Aulus Persius Flaccus was born the day before the Nones of
December [4th Dec.] [952], in the consulship of
Fabius Persicus and L. Vitellius. He died on the eighth of the calends of
December [24th Nov.] [953] in the consulship of
Rubrius Marius and Asinius Gallus. Though born at Volterra, in Etruria, he
was a Roman knight, allied both by blood and marriage to persons of the
highest rank [954]. He ended his days at an estate he
had at the eighth milestone on the Appian Way. His father, Flaccus, who
died when he was barely six years old, left him under the care of
guardians, and his mother, Fulvia Silenna, who afterwards married Fusius,
a Roman knight, buried him also in a very few years.
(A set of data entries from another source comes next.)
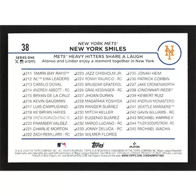 This is a 2024 Topps Pete Alonso and Francisco Lindor Checklist baseball card. The card is #38 and pictures show condition.
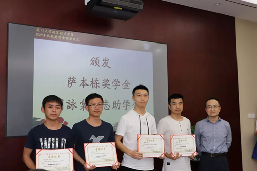 随后,由党委副书记郑镇锋宣读萨本栋奖学金、蔡文种奖学金等奖教奖学金获奖名单,共计有115名老师学生获奖。各位捐资代表、院系领导为获奖者颁发奖状并合影留念。安瑞捷、王康平等8位领导嘉宾为王晓光老师、陈亮同学等25名获奖代表颁发了共计11项奖教奖学金。
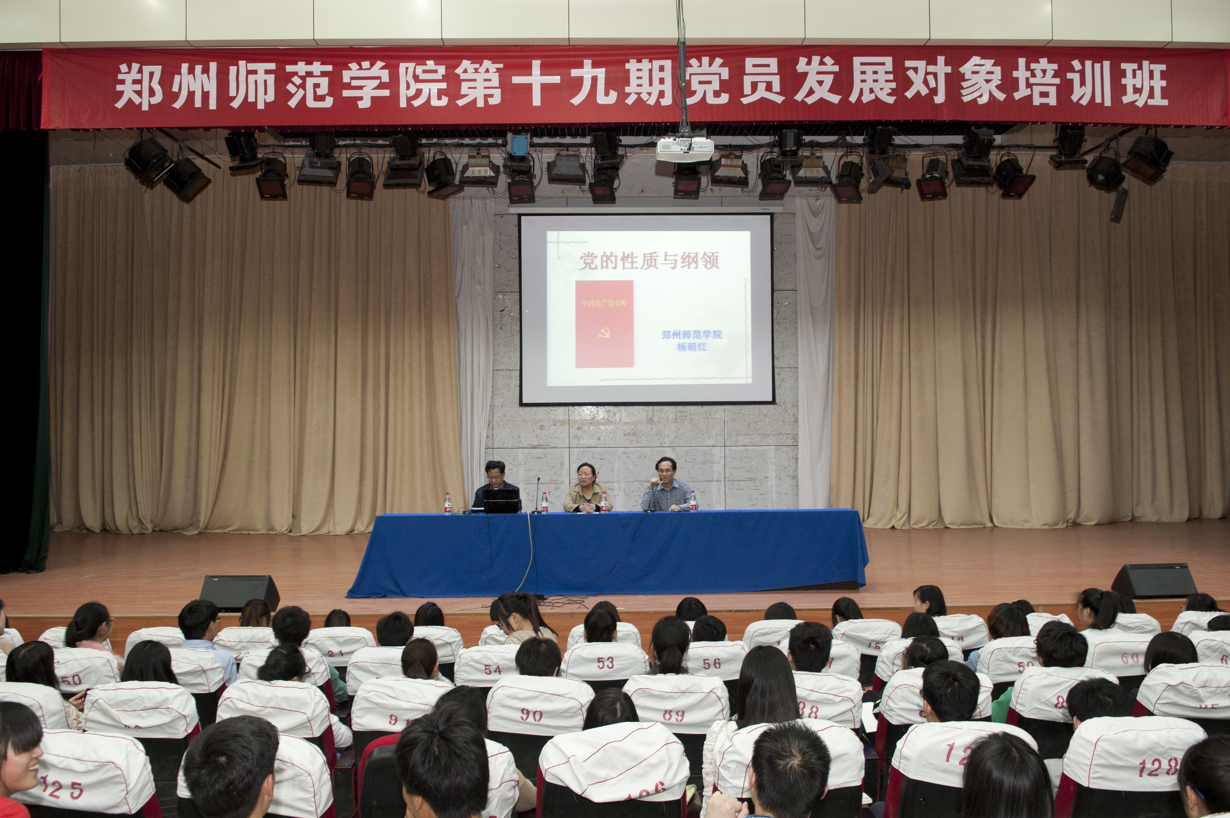 杨朝红处长作了此次培训班的第一讲——《党的性质和纲领路线》和《青年大学生与中国共产党》。同时,政治与公共管理系党总支书记龚绍红在1号楼报告厅为学生作了题为《中国共产党的指导思想》的报告。
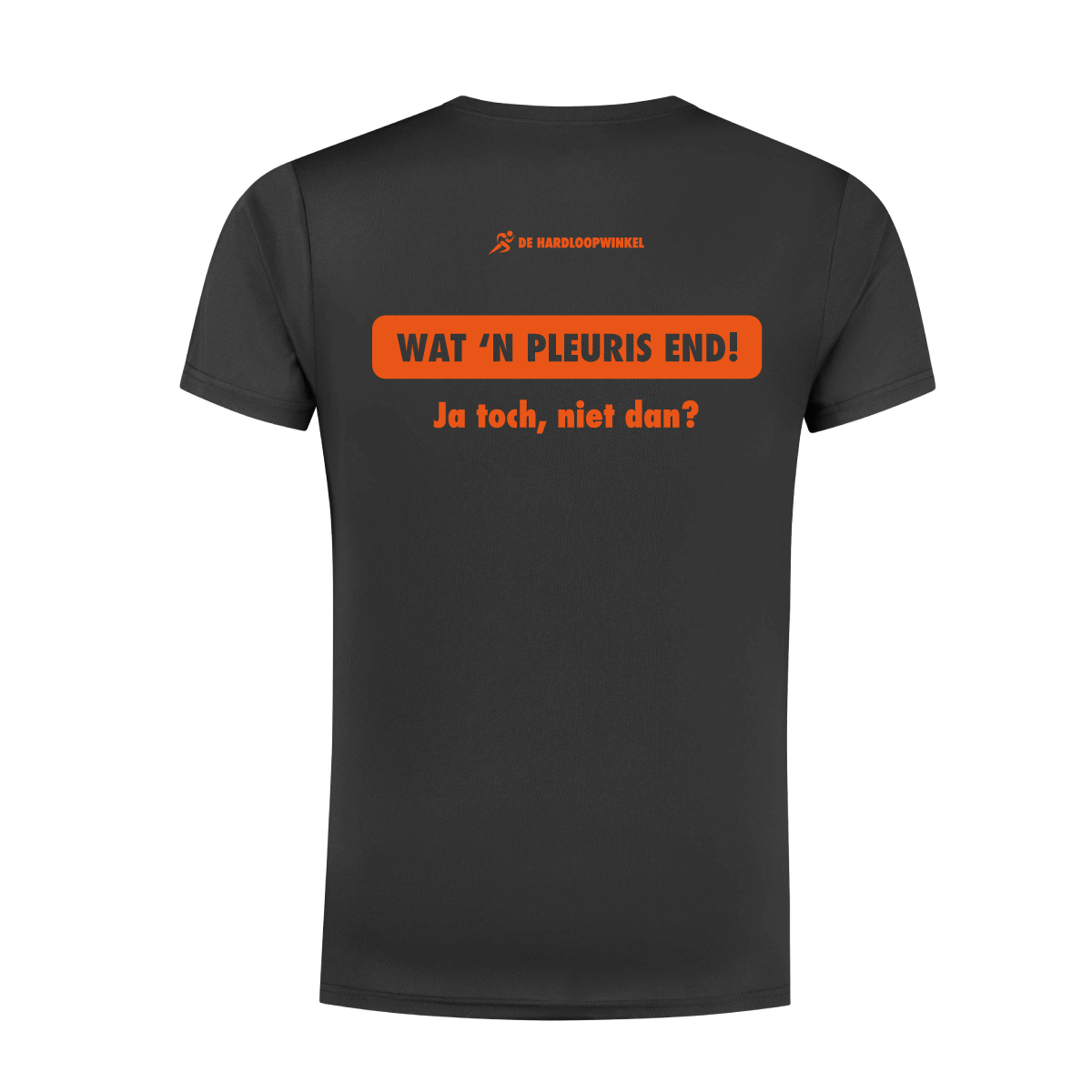Een uniek sneldrogend hardloopshirt van Rogelli voor de heren met de tekst: 'Wat 'n pleuris end. Ja toch, niet dan?'
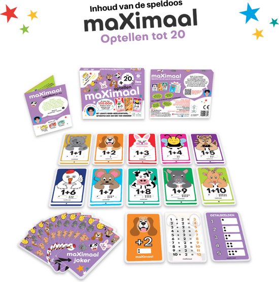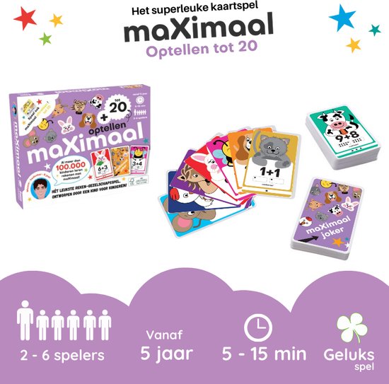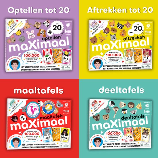 “Hallo, ik ben Maxim (8 jaar)! Om het optellen tot 20 makkelijker aan te leren, heb ik een geweldig gezelschapsspel bedacht: maXimaal Optellen tot 20! Zo kan je optellen tot 20 al spelend leren thuis, op reis, tijdens vakanties, én zelfs op school! Op de kaarten staan ook getalbeelden. Zo leer je de cijfers herkennen en sneller rekenen.
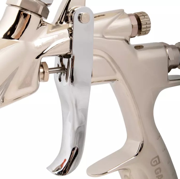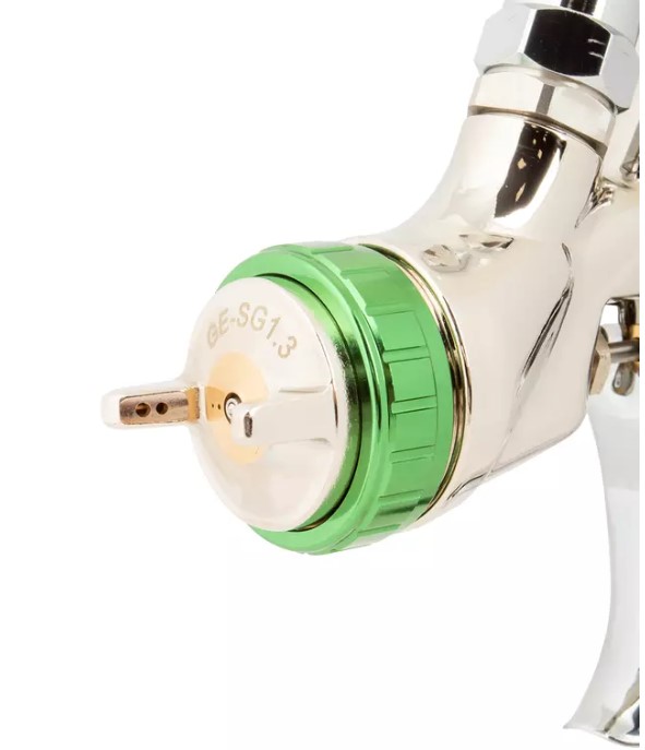 Пневматический краскопульт GARWIN PRO GE-SG1.3 с верхним бачком используется для распыления лакокрасочных материалов на поверхности.
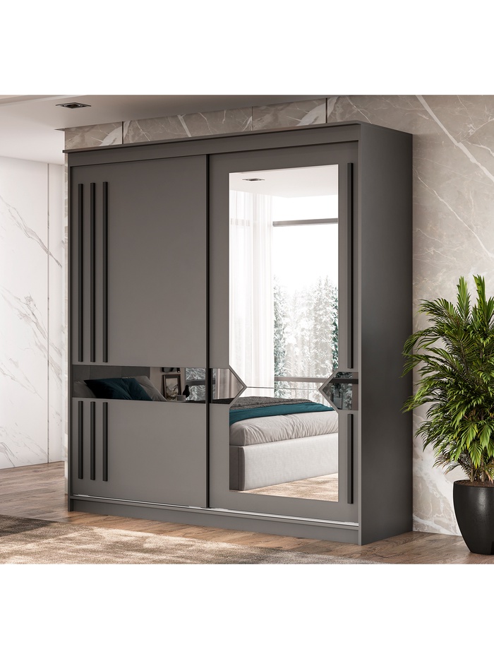 Вид корпусной мебели, отличающийся от обычных шкафов раздвижными дверями. Лаконичный дизайн с дверью с зеркалом визуально расширяет пространство и делает интерьер современным и функциональным. Модель сочетает вместительность, удобство и элегантный внешний вид.
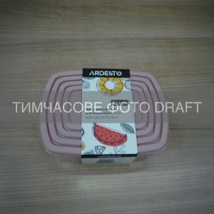 Набір контейнерів для зберігання харчових продуктів ARDESTO Fresh 0.25/0.5/0.75/1.2л, пластик, прямокутна, рожевий

Persius Flaccus
pursued his studies at Volterra till he was twelve years old, and then
continued them at Rome, under Remmius Palaemon, the grammarian, and
Verginius Flaccus, the rhetorician. Arriving at the age of twenty-one, he
formed a friendship with Annaeus Cornutus [955],
which lasted through life; and from him he learned the rudiments of
philosophy. Among his earliest friends were Caesius Bassus
[956], and Calpurnius Statura; the latter of whom
died while Persius himself was yet in his youth. Servilius (539) Numanus
[957], he reverenced as a father. Through Cornutus he
was introduced to Annaeus, as well as to Lucan, who was of his own age,
and also a disciple of Cornutus. At that time Cornutus was a tragic
writer; he belonged to the sect of the Stoics, and left behind him some
philosophical works. Lucan was so delighted with the writings of Persius
Flaccus, that he could scarcely refrain from giving loud tokens of
applause while the author was reciting them, and declared that they had
the true spirit of poetry. It was late before Persius made the
acquaintance of Seneca, and then he was not much struck with his natural
endowments. At the house of Cornutus he enjoyed the society of two very
learned and excellent men, who were then zealously devoting themselves to
philosophical enquiries, namely, Claudius Agaternus, a physician from
Lacedaemon, and Petronius Aristocrates, of Magnesia, men whom he held in
the highest esteem, and with whom he vied in their studies, as they were
of his own age, being younger than Cornutus. During nearly the last ten
years of his life he was much beloved by Thraseas, so that he sometimes
travelled abroad in his company; and his cousin Arria was married to him.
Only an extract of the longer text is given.